Tension Between Factor Dimension K and Interpretability: If K is too small, factors are forced back into entanglement; if too large, excessive sparsity might lose semantics. Auto-selection of K (e.g., via non-parametric Bayes) is not fully discussed.
Limited PPO Evaluation: While the core benefit is RM robustness, downstream PPO/BoN was only validated on the 2B/8B scale with a single SFT base; cross-scale comparability for 70B+ remains to be seen.
Future Work: Combining \(\Phi\) global sparsity with reward editing/interpretability tools to allow users to "pick factors and adjust weights," moving from passive debiasing to active, controllable alignment.

vs BT-Ensemble (Coste et al., 2024): Ensembles use N RMs to approximate epistemic uncertainty, costing N× memory and compute. BNRM captures the same signal via a single model + global Weibull posterior with lower overhead and better results.
vs InfoRM (Miao et al., 2024): InfoRM implicitly suppresses spurious features via variational information bottleneck; BNRM uses NFA for explicit sparse priors on every factor. BNRM is more robust on OOD/HHH and more interpretable.
vs GRM (Yang et al., 2024): GRM uses SFT/DPO heads as auxiliary regularization. BNRM changes the probabilistic structure of rewards.

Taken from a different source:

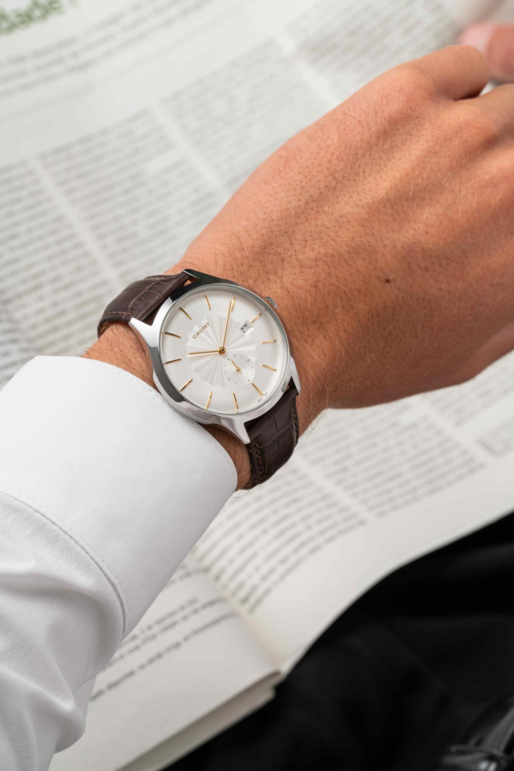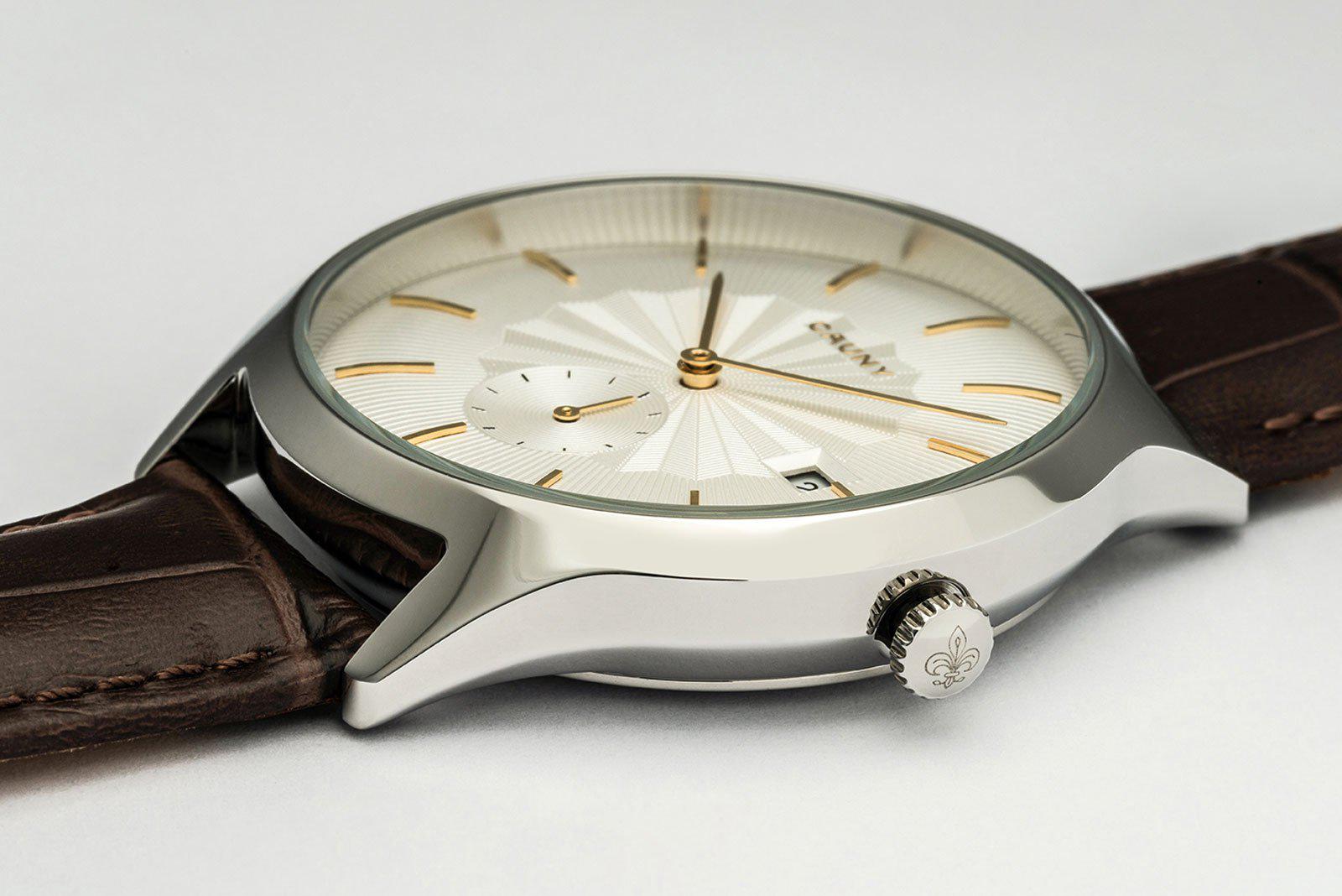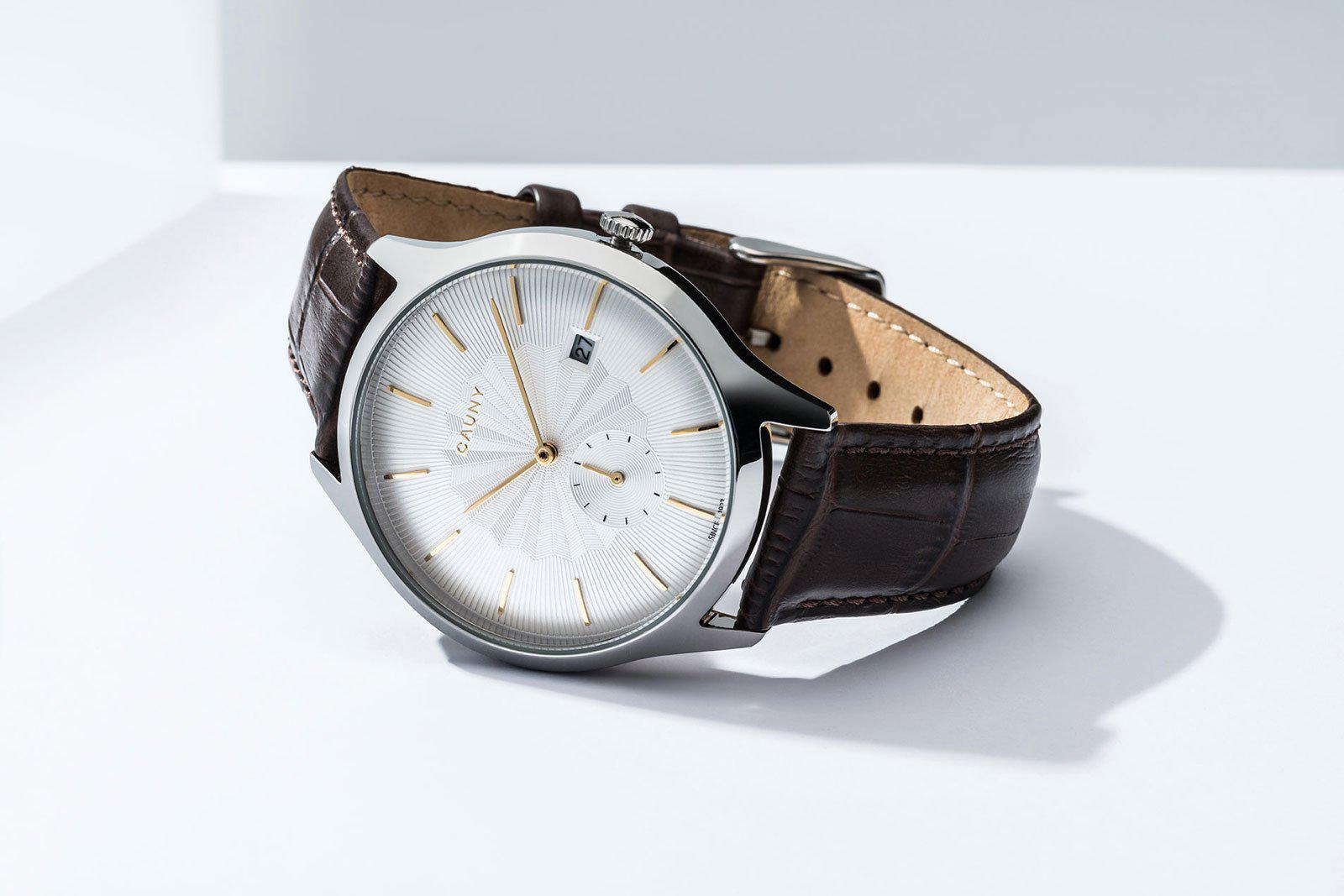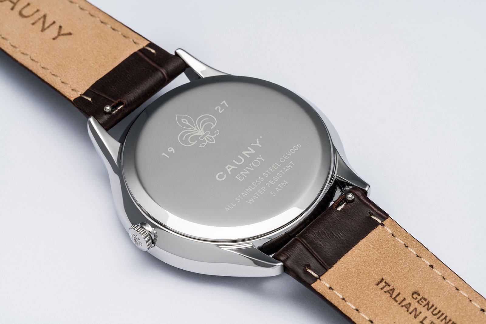 Relógio Cauny Envoy Patterns Bicolour em aço inoxidável com bracelete intercambiável em pele.

The two are orthogonal; the paper provides a GRM-BNRM version showing sparse priors can be stacked on top of other regularizations.

Rating¶

Novelty: ⭐⭐⭐⭐ Innovative use of classical NFA with modern variational techniques for RM; theoretically sound and fresh, though NFA + deep network combinations have appeared in topic modeling.
Experimental Thoroughness: ⭐⭐⭐⭐ Covers ID/OOD/BoN/PPO across multiple strong baselines (BT, Ensemble, InfoRM, GRM) and validates across two scales (40K/400K) and three bases.
Writing Quality: ⭐⭐⭐⭐ Equal emphasis on formulas and diagrams; the derivation chain from BT → Bayesian BT → BNRM is fluid and accessible.
Value: ⭐⭐⭐⭐ Provides a structural, interpretable, and low-cost solution to reward hacking with direct utility for production-grade RLHF and alignment research.